Suddenly, the white walls were around me. I had not moved, but now I was enclosed, alone with the picture window, or screen, showing the innumerable stars and the shrinking Earth. I turned to the largest of the cushions and fell on it. For a second the lighting was still daylight strong, but just before I closed my eyes, it dimmed to nonexistence; and the space in which I now rested was lit only by the star-glow from the window.

I slept.

When I woke, the stars in the picture window were different. Not merely a little different; they bore no relationship to anything I had ever seen in the skies of Earth. Puzzled, I lay there looking at them while gradually I came to full alertness; and either automatically, or in response to some way of sensing my urge for better visibility, the lighting in the room slowly increased, back to the level of sunlight. I got up, explored, and found a doorway that let me into a bathroom, which was too good a replica of what I was familiar with to be anything but a construct created expressly for me by Obsidian.
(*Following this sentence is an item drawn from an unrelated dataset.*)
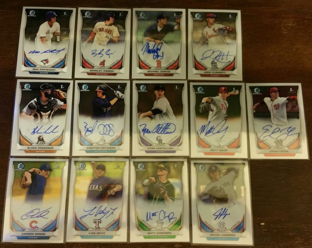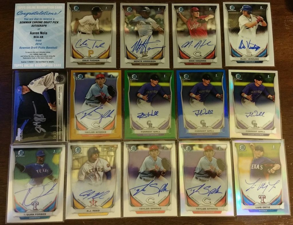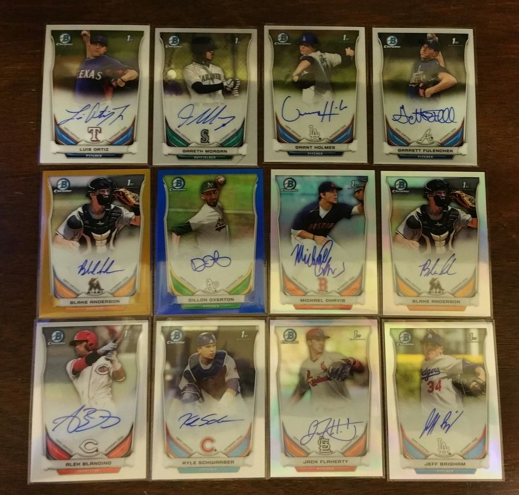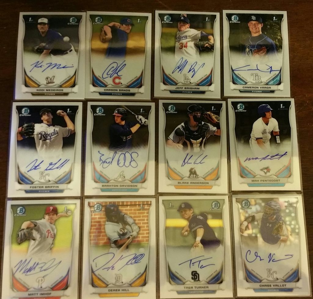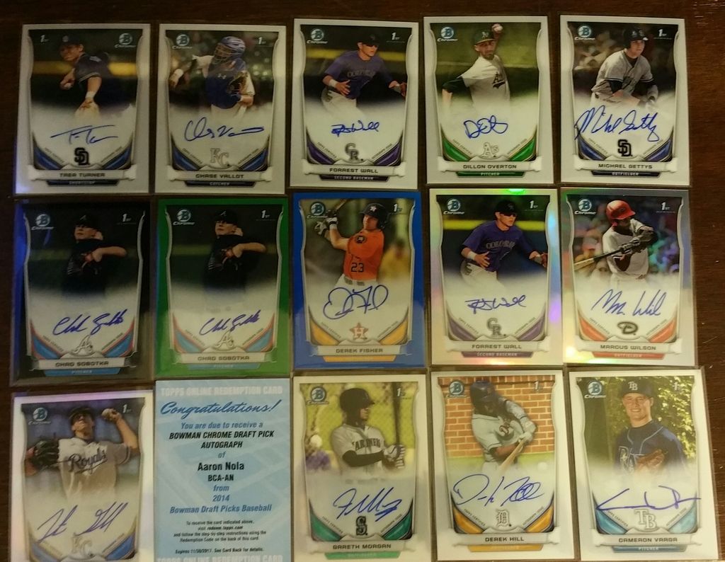 Bonus product has been allocated to its proper spots. 1. lisu - BCA-AJ Alex Jackson Auto AUTO 2. The Phinatic (bruins) - BCA-KS Kyle Schwarber Auto GOLD AUTO, 4 AUTO 3. ALBASKETBALL - BCA-NG Nick Gordon Auto 2 AUTO 4. kordell1 - CTP-Cubs (Jimenez, Almora, Bryant, Edwards) ALMORA BLUE WAVE, JIMINEZ BLUE, ALMORA BLUE, EDWARDS GREEN 5. wilsonsingles (coyotes01) - BCA-AN Aaron Nola Auto 3 AUTO, REF AUTO 6. The Phinatic - BCA-MG Michael Gettys Auto 2 AUTO 7. The Phinatic (sarahmc143, wilsonsingles) - BCA-AV Alex Verdugo Auto 5 AUTO 8. The Phinatic (Syndygaard) - BCA-BZ Bradley Zimmer Auto 3 AUTO 9. The Phinatic - BCA-MH Monte Harrison Auto 2 AUTO 10. The Phinatic (sarahmc143, horton) - BCA-JG Jacob Gatewood Auto AUTO 11. AK1982 (BMiller) - BCA-TT Trea Turner Auto 3 AUTO, GREEN AUTO 12. dthimesch - BCA-TK Tyler Kolek Auto 2 AUTO, BLUE AUTO 13. The Phinatic - (nordy22) - BCA-GH Grant Holmes Auto 5 AUTO 14. The Phinatic - BCA-BD Braxton Davidson Auto 4 AUTO 15. griffan15 (xxmudgexx) - BCA-MIC Michael Chavis Auto 3 AUTO, 3 REF AUTO 16. BMiller - BCA-FW Forrest Wall Auto 2 BLUE AUTO, 3 REF AUTO, AUTO, GREEN AUTO 17. Silvercamp - BCA-MP Max Pentecost Auto 4 AUTO 18. bulljh (kyle121592) - BCA-AR A.J. Reed Auto 2 AUTO 19. Jsturino - BCA-DH Derek Hill Auto BLUE AUTO, 3 AUTO 20. rcspur (coyotes01)- BCA-JH Jeff Hoffman Auto 2 REF AUTO, 2 AUTO 21. The Phinatic (AK1982) - CDP7 Michael Conforto New York Mets BLUE 22. Shanehw (dustyb1987) - BCA-TB Tyler Beede Auto 2 AUTO, REF AUTO 23. cardinalsfan - CDP3 Alex Jackson Seattle Mariners 24. The Phinatic (sarahmc143, ALBASKETBALL) - BCA-DF Derek Fisher Auto 2 AUTO, REF AUTO, BLACK WAVE AUTO, BLUE AUTO 25. fduran27 (griffan15) - BCA-KF Kyle Freeland Auto - Autopick 2 AUTO 26. xxmudgexx (griffan15) - BCA-CT Cole Tucker Auto 4 AUTO 27. cardinalsfan (zstratton2) - CDP2 Kyle Schwarber Chicago Cubs RED WAVE 28. dthimesch (NickM) - BCA-SA Spencer Adams Auto 2 AUTO 29. dthimesch (dubooze) - BCA-MK Michael Kopech Auto REF AUTO, 2 AUTO, BLUE AUTO 30. Rooftop - BCA-MCH Matt Chapman Auto 4 AUTO 31. nordy22 - BCA-KM Kodi Medeiros Auto 4 AUTO 32. billy macey - BCA-JL Jacob Lindgren Auto 4 AUTO, GREEN AUTO 33. ALBASKETBALL - BCA-EF Erick Fedde Auto 4 AUTO 34. The Phinatic (rcspur) - BCA-LO Luis Ortiz Auto 5 AUTO, 2 REF AUTO 35. 13CardinalsFan (griffan15) - BCA-JF Jack Flaherty Auto 4 AUTO, 2 REF AUTO 36. nordy22 - CA-FG Foster Griffin Auto 3 AUTO, REF AUTO 37. Rooftop - BCA-SN Sean Newcomb Auto AUTO, REF AUTO 38. billy macey - CTP-Yankees (Severino, Judge, Jagielo, Torrens, Clarkin, Williams, Katoh) TORRENS BLUE, JAGIELO GOLD, JUDGE BLACK WAVE, CLARKIN BLUE WAVE, KATOH BLUE WAVE 39. BNB (cardinalsfan) - BCA-CS Carson Sands Auto REF AUTO, 5 AUTO 40. The Phinatic (rcspur, coyotes01) - BCA-MW Marcus Wilson Auto AUTO, BLUE AUTO, REF AUTO 41. columbusbuckeye (Jsturino, xxmudgexx, griffan15) - BCA-MPA Mike Papi Auto 4 AUTO, REF AUTO 42. NeedChapmans - #@62. CTP-Pirates-1 (Taillon, Meadows, Bell, McGuire, Hanson, Jones, Glasnow) MEADOWS BLACK WAVE, JONES GOLD, BELL BLUE, JONES BLUE, JONES RED WAVE, HANSON BLUE 43. The Phinatic - BCA-JS Justus Sheffield Auto 3 AUTO, REF AUTO 44. BMiller - BCA-AB Alex Blandino Auto 5 AUTO 45. The Phinatic - CTP-Red Sox (Ball, Devers, Coyle, Swihart) BALL BLUE, SWIHART BLUE, BALL BLUE WAVE, COYLE BLUE, BALL GREEN 46. Stewfan14 (xxmudgexx, Jsturino, coyotes01) - BCA-DC Dylan Cease Auto 3 AUTO 47. steveO (griffan15) - BCA-CV Chase Vallot Auto 3 AUTO, GREEN AUTO, 2 REF AUTO 48. Shanehw (cardinalsfan, coyotes01) - BCA-RR Ryan Ripken Auto 49. BMiller - 50. BCA-NH Nick Howard Auto REF AUTO, 2 AUTO 50. cardinalsfan (coyotes01) - BCA-GM Gareth Morgan Auto REF AUTO, 3 AUTO 51. cardinalsfan (coyotes01) - BCA-LW Luke Weaver Auto 2 AUTO, REF AUTO 52. Alanleigha - BCA-GF Garrett Fulenchek Auto REF AUTO, 5 AUTO, ORANGE AUTO 53. The Phinatic - CDP49 Michael Gettys San Diego Padres 54. HunterCaleb (nordy2, cardinalsfan, coyotes01) - BCA-TF Ti'Quan Forbes Auto 3 AUTO 55. bruins (DodgyTrousers) - BCA-JR Jakson Reetz Auto 2 AUTO 56. billy macey - BCA-TS Taylor Sparks Auto 3 AUTO, REF AUTO, GOLD AUTO 57. Zeis091 (horton) - Paper and Ice Parallels Case 9 9 BLUE PAPER (incl. CONFORTO), 4 RED ICE, 2 PURPLE ICE (incl. HARRISON), CHAPMAN ORANGE ICE 58. steveO (NeedChapmans) - BCA-CJ Connor Joe Auto AUTO 59. The Phinatic (sarahmc143) - CDP126 Nick Gordon Minnesota Twins 60. Nypinstripes - #@BCA-BGO Brian Gonzalez Auto 2 AUTO, BLUE AUTO 61. Stewfan14 (Syndygaard) - #@BCA-JST Jake Stinnett Auto 3 AUTO, REF AUTO 62. The Phinatic (AK1982) - BCA-NB Nick Burdi Auto#@ 2 AUTO 63. lisu - 61. BCA-AG Aramis Garcia Auto AUTO 64. benny7221 - BCA-MI Matt Imhof Auto 4 AUTO 65. fenwaykid (coyotes01, Jsturino) - CTP-Dodgers (Urias, Seager) 2 URIAS GREEN 66. The Phinatic (rcspur) - CDP59 Alex Verdugo Los Angeles Dodgers BLUE 67. Btheis03 (zeus091, coyotes01) - Paper and Ice Parallels Case 7 10 BLUE PAPER (incl. HARRISON), 3 RED ICE, PURPLE ICE, ORANGE ICE, AJ REED RED PAPER /5 68. zeus091 (coyotes01) - Paper and Ice Parallels Case 3 10 BLUE PAPER, 4 RED ICE, 3 PURPLE ICE, ORANGE ICE 69. Jla1976 (BMiller) - BCA-SRF Sean Reid-Foley Auto AUTOPICK REF AUTO, 2 AUTO 70. billy macey - BCA-TSU Trey Supak Auto 2 AUTO 71. rcspur (yrosenberg) - Paper and Ice Parallels Case 1 10 BLUE PAPER (incl. GORDON & BRYANT), 3 RED ICE, 4 PURPLE ICE (incl. Nola) 72. rcspur (yrosenberg, bruins) - Paper and Ice Parallels Case 2 9 BLUE PAPER, 4 RED ICE, 2 PURPLE ICE, HILL ORANGE ICE 73. Btheis03 (zeus091, dubooze, dthimesch) - Paper and Ice Parallels Case 5 13 BLUE PAPER, 3 RED ICE, 3 PURPLE ICE, URIAS ORANGE ICE 74. Zeus091 (Dman05888) - Paper and Ice Parallels Case 8 10 BLUE PAPER, 4 RED ICE, 3 PURPLE ICE, ORANGE ICE 75. Burrguana - CDP39 Jacob Gatewood Milwaukee Brewers 76. zeus091 (nordy22) - Paper and Ice Parallels Case 4 9 BLUE PAPER, 3 RED ICE, 4 PURPLE ICE, ORANGE ICE 77. Btheis03 (zeus091, Nordy22, HunterCaleb) - Paper and Ice Parallels Case 6 9 BLUE PAPER, 3 RED ICE, 2 PURPLE ICE, ORANGE ICE 78. Syndygaard (nord
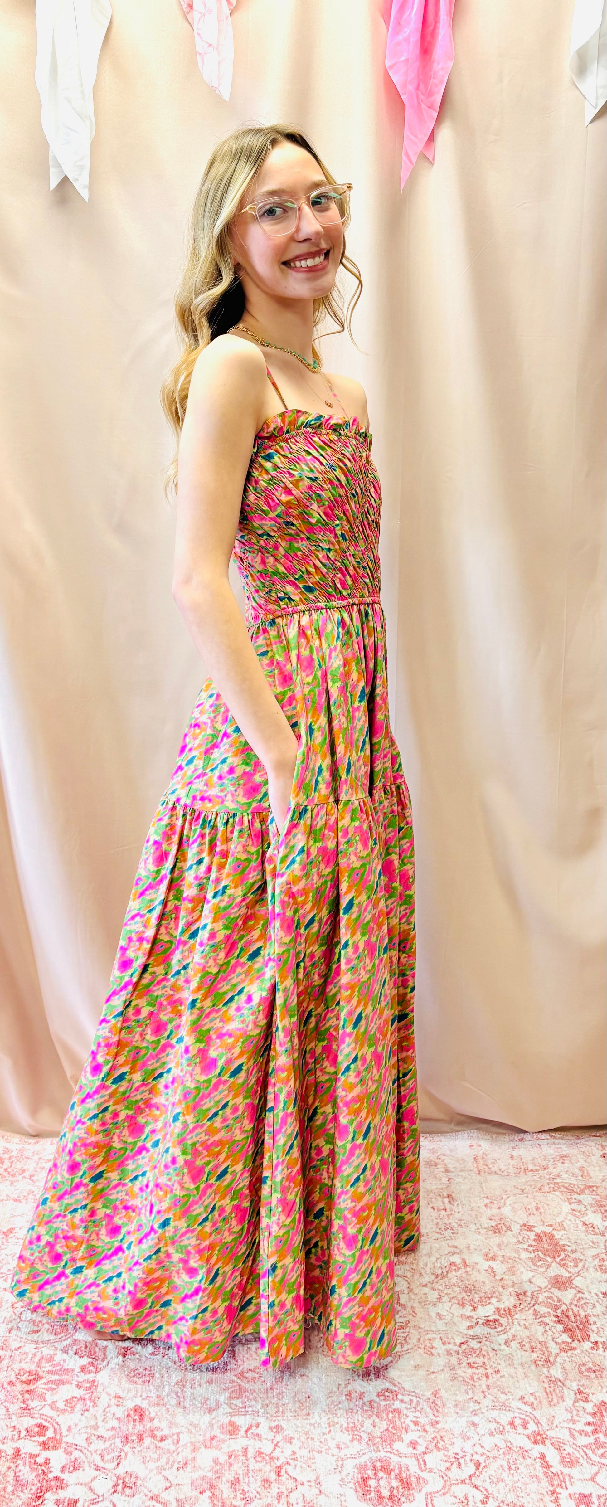 Brushed Printed Bias Smocked Bust Maxi Dress

Still, I was grateful for the fact that it looked so familiar. Part of my waking up had always been a morning routine involving a sharp razor blade, soap and a good deal of hot water. This out of the way, I left my private quarters and found Obsidian sleeping quietly on one of the larger cushions of the main area, Porniarsk busy doing incomprehensible things with one of the control consoles.

“Good morning, Marc,” he said, turning to look at me as I came up.

“Morning, if that’s what it is—” I lowered my voice, glancing at Obsidian. “Sorry, I forgot about him sleeping there.”

“I don’t think you need worry,” said Porniarsk at ordinary conversational volume. “I don’t believe he hears any noise he doesn’t want to hear until he wakes at the time he wants to wake.”

I looked at Obsidian curiously.

“Good trick,” I said. “What’s the breakfast situation?”

“There’s food of various kinds in a room there,” said Porniarsk, pointing a tentacle at a doorway in one of the walls that had been there when we arrived.

I went to look and found he was right. It was a pleasant, small room, apparently surrounded completely by the illusion of the forest in forenoon sunlight. There were chairs, my style, and a table, my style; and a piece of furniture that looked like a heavy, old fashioned wooden wardrobe.